“Those who are at war with others are not at peace with themselves.” – William Hazlitt
I had the most horrible nightmare last night. I dreamt that I had a chance meeting with someone I’ve not seen in years, and the last time I saw them our friendship didn’t end on good terms. The dream was rude, angry, and infuriating, and it actually ended quite violently.
I feel a bit ashamed admitting this, actually. It has been a long time since I’ve had such a violent dream, and the last time was around when I was at the lowest of my depression a few years back. This time around I think it’s a function of how much tumult is currently flying around in our household.
My son came home from hospital yesterday, and had an atrocious nights’ sleep. My wife, the saint that she is, stayed up with him until 3am when he finally relented and allowed her to give him some pain medication, that also helped him sleep. (Albeit fitfully.)
The war my head is, I’m pretty sure, directly related to my son’s anguish, and my wife’s dire need for rest.
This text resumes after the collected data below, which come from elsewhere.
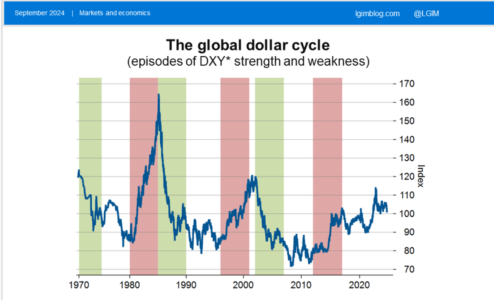 Alla luce di tutto quanto riportato sopra, viene da chiedersi cosa comporterà il taglio dei tassi da parte della Fed, che ormai sembra dover accadere il prossimo 18 settembre, ma anche il fatto che questa dovrebbe ridurre i tassi più di tutte le altre banche centrali nel corso del prossimo anno. Secondo noi di LGIM, la combinazione valutazioni elevate/taglio dei tassi andrà a contrarre il valore del USD, il che potrebbe rappresentare un punto di svolta per i mercati emergenti, che potrebbero invertire il trend negativo osservato negli ultimi 11 anni.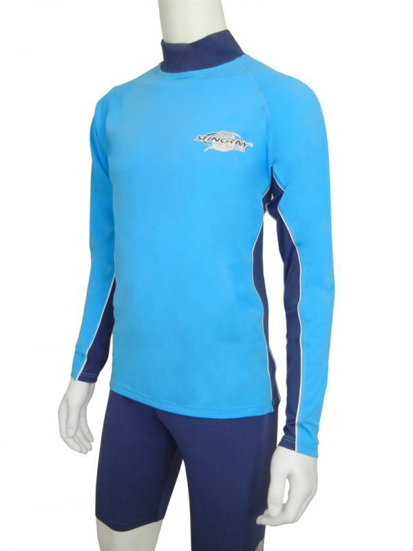 Adults Unisex Rash Shirt with long sleeves made from excellent Chlorine resistant fabric which is cool, soft, durable and quick drying with maximum sun protection rating UPF 50+ which blocks > 97.5% of the suns UV radiation giving excellent UV protection - Comfortable to wear, excellent stretch and recovery - retains colour and shape. Looks good with swim shorts or board shorts.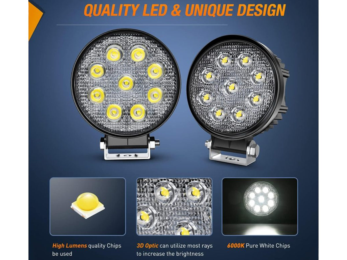 Illuminate your workspace with our 27W LED Work Light, LED Work Light designed for maximum reliability in any environment. LED Work Light with its IP67 rating, this light is waterproof, dustproof, and shockproof, ensuring it stands up to the toughest conditions. Whether you need high-intensity light for vehicles, heavy equipment, or specialized applications, this versatile LED Work Light delivers superior performance with its 9 powerful LEDs and adjustable mounting bracket.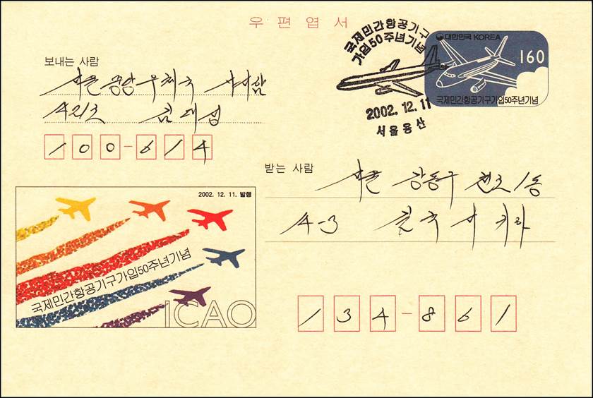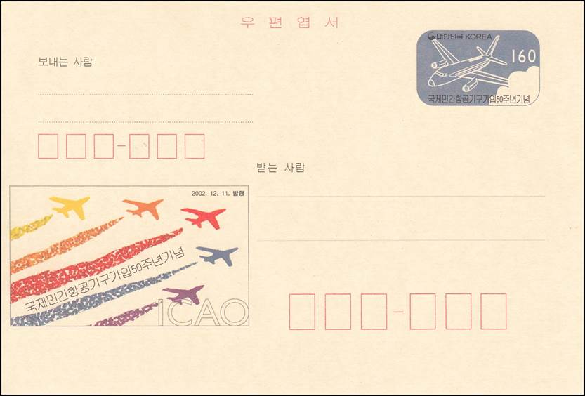 Republic of KOREA – 11 December 2002 50th Anniversary of admission to ICAO – Multicolored aircraft trails
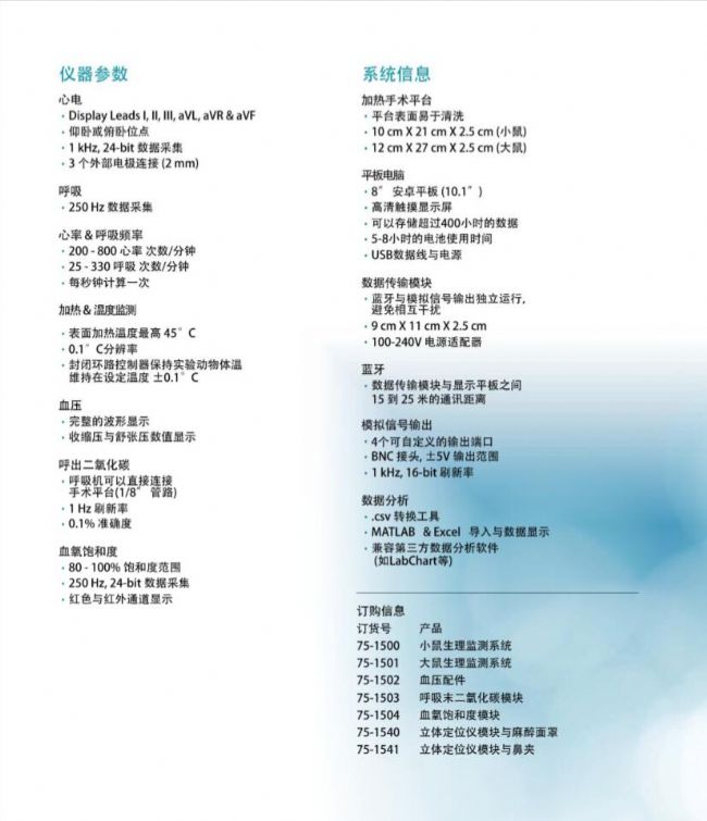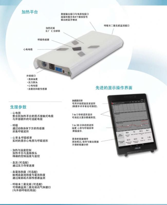 生理監測系統整理了直腸溫度監測、心電圖(ECG)、呼吸、血氣飽和度、血壓和呼吸末二氧化碳。系統還包括了一個可調控表面溫度的平臺,可以將實驗動物的體溫維持在一個設定溫度水平。

I also think it’s related to how many things are coming and going, changing and moving around, while we prepare our house, our business, our life to be picked up and transplanted into a bus to travel the country.
I will make some time for meditation today, I promise. I need to restore some peace in my mind.
How about you? Are you at peace with yourself, or at war with others? Maybe it’s an underlying war with yourself?
With much love,
PS Thanks so much to everyone who wrote to me yesterday and today about my son’s hospital stay. It warms my heart and brightens my day immensely to know you’re all out there supporting us and our journey. Thankyou. :)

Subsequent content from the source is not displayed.